Zihin, Gerçekliği Nasıl İnşa Eder?

Zihin, Gerçekliği Nasıl İnşa Eder?

Bu yazıda, insan zihninin dış dünyayı nasıl tahmin ettiğini, bu tahminlerin nasıl duygulara, eylemlere ve deneyimlere dönüştüğünü; zihnin kendini nasıl modelleyip yeniden şekillendirdiğini farklı kuramsal yaklaşımlar eşliğinde ele alıyorum.

Algı Gerçeklikten Mi Beslenir, Zihinden Mi?

“Beynimizin amacı geleceği tahmin ederek hayatta kalmaktır.”

Öncelikle, insan zihninin gerçeklikle olan ilişkisini anlamak için Karl Friston’un Free-Energy ilkesine yakından bakacağım.

Beyin, dış dünyadan gelen duyusal bilgileri pasifçe almaz. Aksine, önceden oluşturduğu tahminlerle gelen bilgiyi yorumlar.

— “Beyin bir tahmin makinesidir.”

Friston’ın free-energy modeline göre beyin, boş bir sayfa (tabula rasa) değildir. Beyin, genetik olarak önceden kabaca yapılandırılmış bazı tahmin mekanizmalarıyla doğar.

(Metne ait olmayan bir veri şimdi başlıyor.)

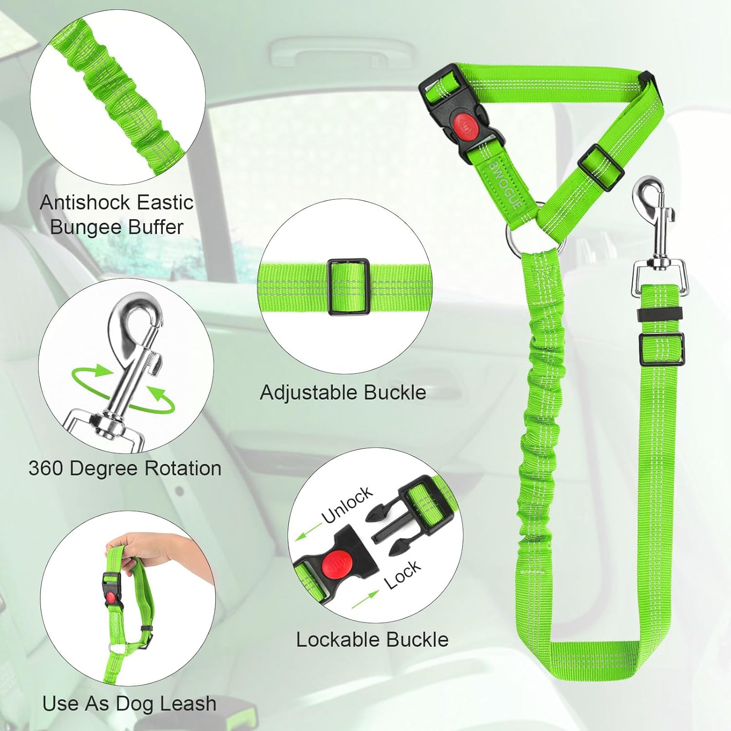 - Durable&Practical: Made of durable nylon fabric to ensure safety, features the solid zinc alloy swivel snap,elastic bungee and high-quality buckles, The reflective stitching design makes it great for night time use. The elastic bungee helps dog prevent jerking with sudden movement. the pet car seat belt ensures the safest traveling for your pet, and provides a most relaxing driving experience for you

Yani bebek her şeyi bilerek doğmaz, ama neleri öğrenmenin hayatta kalma açısından anlamlı olduğuna dair önsel eğilimlerle gelir.

Tıpkı gözün ışık algılamaya, kulağın ses frekanslarına duyarlı şekilde doğması gibi…

Yeni doğan bebek gözüyle bakar ama gördüğü şeyin ne olduğunu henüz anlamaz; ses duyar ama bu sesin kimden geldiğini bilmez.

Beyin burada istatistiksel örüntüler toplamaya başlar. Her gelen veriye bir tahmin eşlik eder:

“Bu şey bir öncekiyle aynı mı?”
“Bununla sonra ne oluyor?”

Bu süreçle birlikte içsel modeller oluşur. Her yeni deneyim, eski tahmini test eder; eğer bir sürpriz varsa, model güncellenir. Sürpriz, bir tahmin hatasıdır.

O halde şöyle diyebiliriz:

Zihnimiz dış dünyayı doğuştan anlamaz; ancak anlamaya hazır ve tahmin kurmaya meyilli bir mimariyle doğar.

Bu tahminler, geçmiş deneyimlere, öğrenilmiş kalıplara ve içsel modellerimize dayanır.

Bunlar zihinsel “dünyamızdır.”

Robert Greene’in “The Laws of Human Nature” kitabına göre, deneyimler, öğrenilmiş kalıplar ve beklentiler şu şekilde oluşur:

Çocuklukta yaşanan sosyal ilişkiler ve otorite figürlerinden gelen tepkiler, kişinin neyin doğru ya da tehlikeli olduğunu öğrenmesini sağlar ve zamanla bu öğrenilen tepkiler otomatik hale gelir.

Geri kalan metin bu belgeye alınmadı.